AI image generation ushered in a new overlord! The open source model FLUX.1 was born, are Midjourney and DALL·E 3 nervous?

Author：Eve Cole Update Time：2024-12-05 17:16:01

The field of artificial intelligence image generation is changing with each passing day. Following the update of Midjourney, the open source model FLUX.1 has arrived. Its performance is said to surpass closed source models such as DALL·E3 and Midjourney V6, as well as the SD3 series of open source models, attracting widespread attention in the industry. The editor of Downcodes will give you an in-depth understanding of this new masterpiece created by Robin Rombach, an authoritative expert in the field of diffusion models, as well as the technological innovation and future prospects behind it.

In the field of artificial intelligence, disruptive changes can occur every day. Just the day after Midjourney's major update, the field of open source image generation ushered in an eye-catching dark horse-FLUX.1. This sudden new player not only claims to significantly surpass closed-source models such as DALL·E3 and Midjourney V6 in terms of performance, but also kills the entire open-source SD3 series, instantly detonating the AI circle.

Let’s first get to know the mastermind behind FLUX.1. Its founder, Robin Rombach, is not an unknown person, but an authoritative expert in the field of diffusion models. His representative works include VQGAN, Taming Transformers and Latent Diffusion. He once served as the chief scientist of Stability AI and led the world-renowned Stable Diffusion series of projects. It can be said that Robin Rombach is an experienced driver among experienced drivers in the field of AI image generation.

In March of this year, due to internal turmoil at Stability AI, Robin chose to leave. After four months of hard work, he returned with the new open source large model platform FLUX.1. What’s even more surprising is that upon its debut, FLUX.1 received a US$32 million seed round of financing led by the well-known venture capital institution Andreessen Horowitz. This undoubtedly provides a boost to the future development of FLUX.1.

So, what is so outstanding about FLUX.1? First of all, it is based on the Vision Transformer architecture, adopts a process matching training method, and uses rotation position embedding and parallel attention layers to improve model performance and hardware utilization efficiency. This 12 billion parameter model is launched in three versions:

Pro version: used through API, with the most powerful performance.
Dev version: A non-commercial guided distillation model that inherits most of the performance of the Pro version.
Schnell version: An open source model that can be used commercially and has excellent performance.

According to the test data of the FLUX.1 team, even the open source Schnell version surpasses Midjourney v6.0 and DALL·E3 (HD) in terms of text semantic restoration, picture quality, action consistency, coherence and diversity. and mainstream models such as SD3-Ultra. Especially in embedding text into images, FLUX.1 shows obvious advantages.

Here, AIbase has selected several official generation effect displays for your reference:

Real photography pictures

AIbase tested the previous cat patron saint, and it was no problem at all. FLUX.1 understood the prompt words more accurately.

Of course, FLUX.1’s ambitions obviously don’t stop there. The team said that Vincent Picture is just the beginning. In the future, they also plan to launch Vincent Video model to challenge first-line products such as Sora, Gen-3, and Luma.

For developers and AI enthusiasts, the emergence of FLUX.1 is undoubtedly a major benefit. The Schnell version is fully open source and supported by Comfyui. If you have more than 36G of video memory, you can even run the fp16 version of t5. However, it should be noted that t5xxl_fp16.safetensors or clip_l.safetensors and VAE need to be downloaded separately.

The emergence of FLUX.1 not only brings new hope to the field of open source AI image generation, but also injects new vitality into the entire AI industry. Its powerful performance and open source features are likely to accelerate the popularity and innovation of AI image generation technology. For ordinary users, this means that we may soon be able to run AI image generation models on our home computers that rival or even surpass Midjourney.

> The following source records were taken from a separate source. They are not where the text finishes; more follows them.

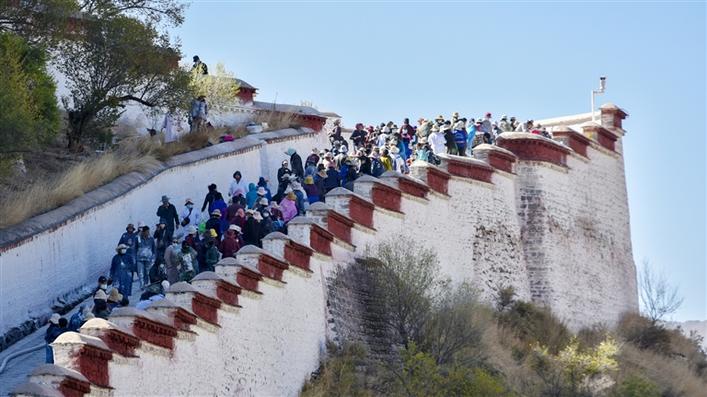 圖為布達(dá)拉宮一年一度的粉刷“美顏”時(shí)刻 圖片來源:西藏日報(bào)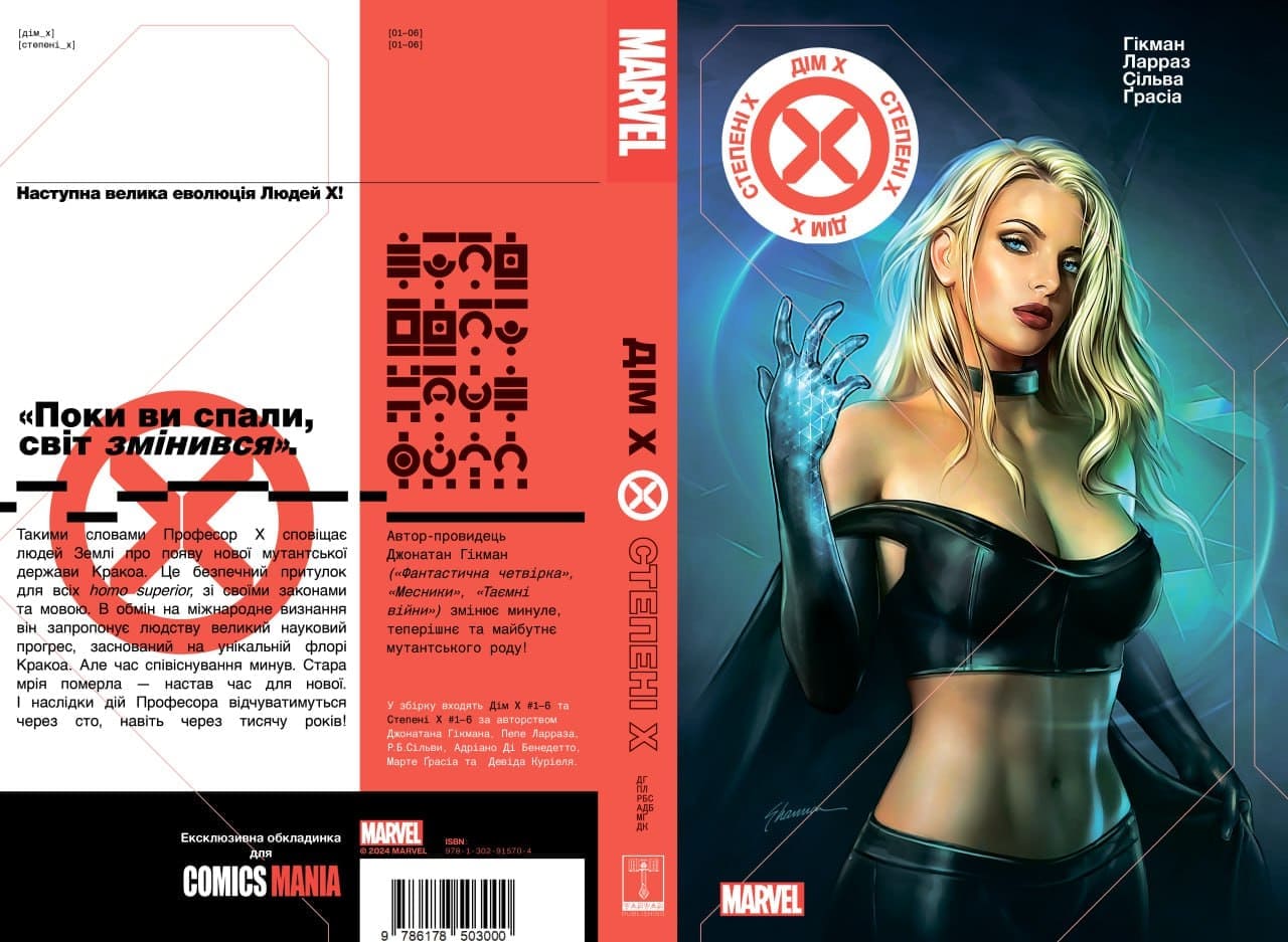 - 8️⃣ Партнерська тверда обкладинка для Comics Mania з Еммою Фрост та суперобкладинкою з командою Людей Х та Апокаліпсисом.
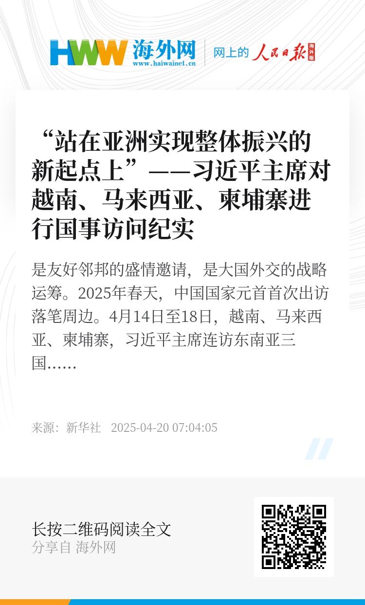 4月14日至18日,越南、马来西亚、柬埔寨,习近平主席连访东南亚三国,在广袤山海间,铺展出一幅亲诚惠容的壮美画卷。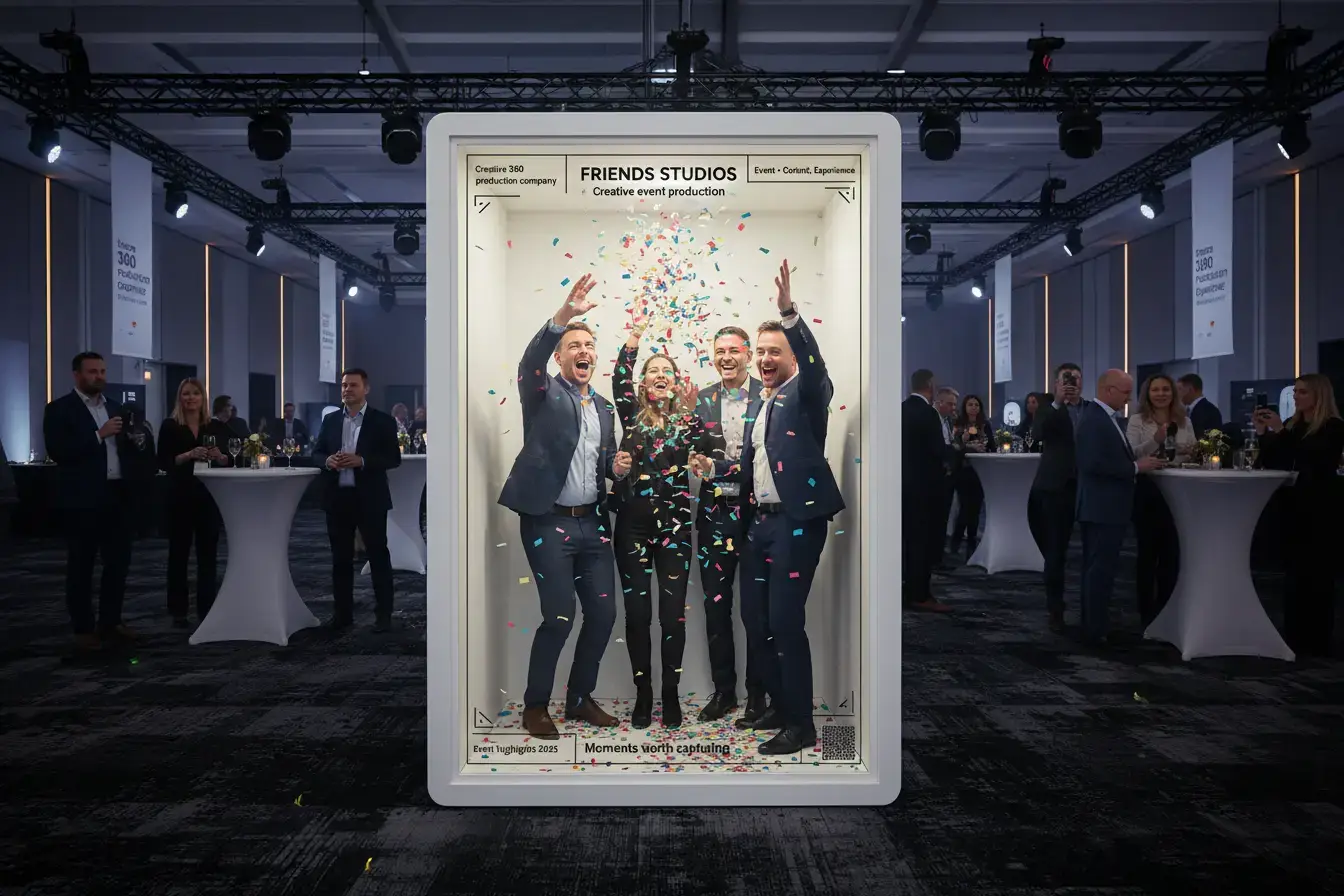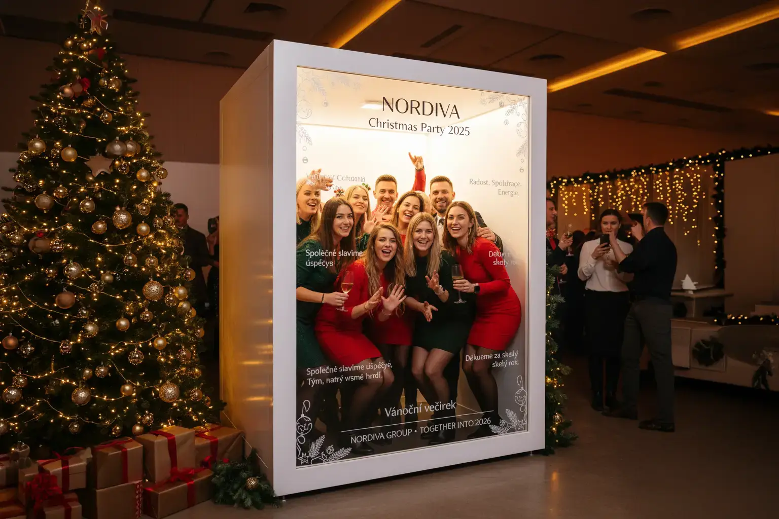 Fotobox vytvoří na večírku výrazné místo, které doladíme polepem skla přesně k vizuálu vaší značky. Hosté tak vstupují do scény, která podporuje atmosféru večera a přináší fotky plné firemního ducha.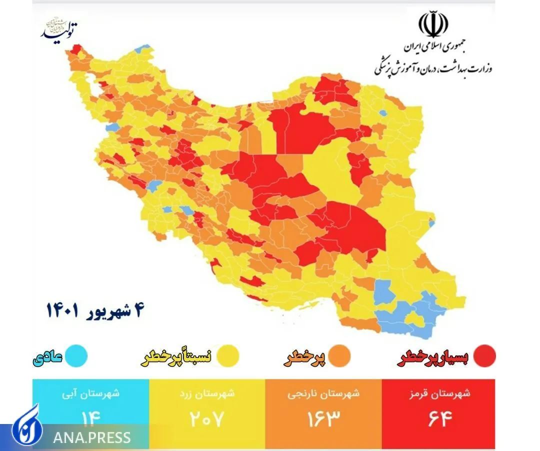 به گزارش گروه جامعه خبرگزاری آنا، مرکز روابط عمومی و اطلاع رسانی وزارت بهداشت اعلام کرد، بر اساس آخرین به روز رسانی ها، تعداد شهر‌های با وضعیت قرمز کرونایی از ۱۰۶ به ۶۴ شهر کاهش و تعداد شهر‌های با وضعیت نارنجی از ۱۵۶ به ۱۶۳ شهر افزایش یافت.

Project address: https://github.com/black-forest-labs/flux

Trial address: https://replicate.com/black-forest-labs/flux-pro

Comfyui workflow: https://comfyanonymous.github.io/ComfyUI_examples/flux/

All in all, the emergence of FLUX.1 marks a new stage in the field of open source AI image generation. Its powerful performance and open source features will greatly promote the popularity and development of AI image generation technology. We look forward to FLUX.1 bringing more surprises in the future!